When a learning environment resonates with inspirational and motivational affirmations it can truly lead students to take powerful actions.
While inquiring into the transdisciplinary theme ‘Sharing the planet’ students at Pathways School Noida, India held extensive discussions on conflicts between human and nature, their causes, and their repercussions. The students spoke about the nature of human activities being responsible for the degradation of our planet. After many discussions, students were encouraged by their teacher to reflect and identify a method to resolve this conflict and transform their strong ideology of bringing peace into action, the students decided to start a class club.

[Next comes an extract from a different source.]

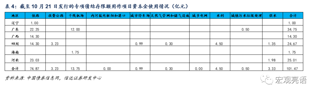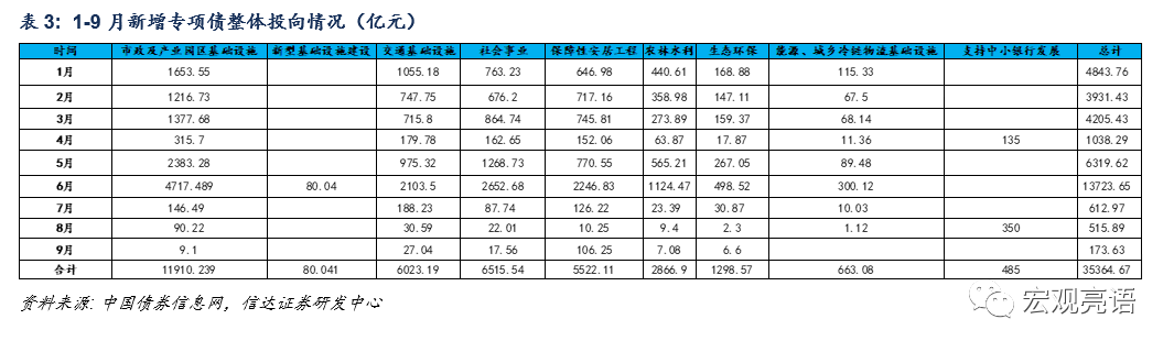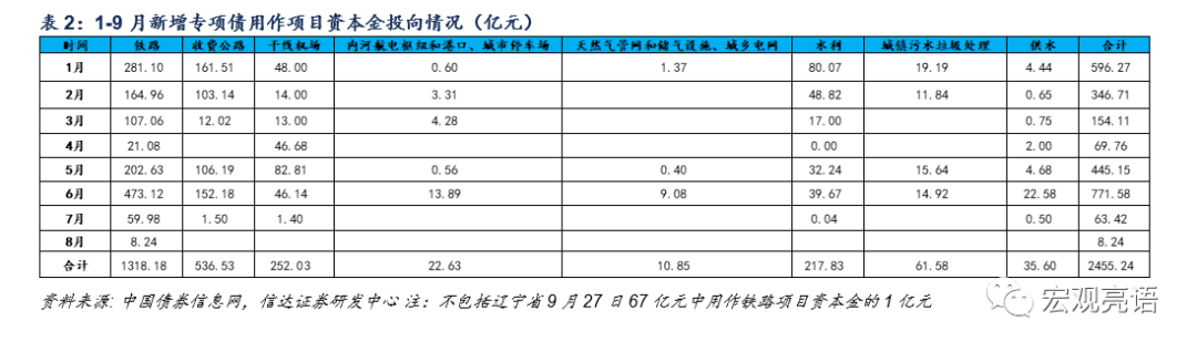 由于专项债券的发行者是地方政府,准确的是省级政府,所投的项目一般都是省内项目,基建中占比最大的是市政及产业园区基础设施,项目资本金中占比最大的是省内城际铁路。今年1-9月新增专项债用作项目资本金和整体投向情况如下:

They introduced their club by email to their teacher, in which they explicitly mentioned their aim to use the staircase strategy, a strategy they had learnt during circle time, to save the planet.
The Staircase strategy:
Start and Think
Students found motivation each time their teacher inquired from them about their progress. This scaffolding, and timely reminders inspired them to have a weekly class club meeting every Thursday. Soon these meetings became a regular feature for the students, and they came up with their club’s name – ‘Saving Earth Club’, they designed its logo and framed the essential plans.
Planning
Keeping in mind their staircase strategy approach, they began collaborating and identified and implemented a few effective plans to save the planet; by reusing wastepaper in the class, thinking clearly before writing in their notebooks, recycling old T-shirts, and making cloth bags.
Doing
The celebration of Earth Day at school, opened a wonderful opportunity for these students. They found a way of extending the purpose of Saving Earth Club. They created charts and posters, mindfully using wastepaper, depicting different ways to save the planet. They put up an open invitation to join their club by displaying the membership chart outside their class. The founding members of the club invited the school’s Deputy Principal and effectively persuaded her to take on the membership too.
Keep on doing
A student from the class volunteered to conduct a masterclass on creating papier mache from wastepaper. He taught his peers the skill to use waste newspapers and old papers by transforming them into useful objects. Each step was taught by him independently with intricate detailing and ownership.
Success
As part of the culmination of this unit, and to foster an entrepreneurship mindset, the students had to set up their own marketplace by selling a handmade product. The students once again skilfully used this opportunity to sell the papier mache earth shaped paper weights. Through this they not only developed as entrepreneurs but also advocated the cause and the essence of their Saving Earth Club’s mission and vision.
Ms. Pooja Jain is an educator having spent nearly eight passionate years in the field of education and classroom teaching. For Ms. Pooja, teaching the IB curriculum is a journey which she unravels every time she enters her classroom. This journey has taught her to recognize and teach through the perspective of the learners. This simple strategy has always been rewarding both for her and her learners and has constantly resulted in laying foundations for engaging and intellectual classroom discussions and actions. Pooja never shies away from exploring new approaches, tactics, resources, and practices in her classroom.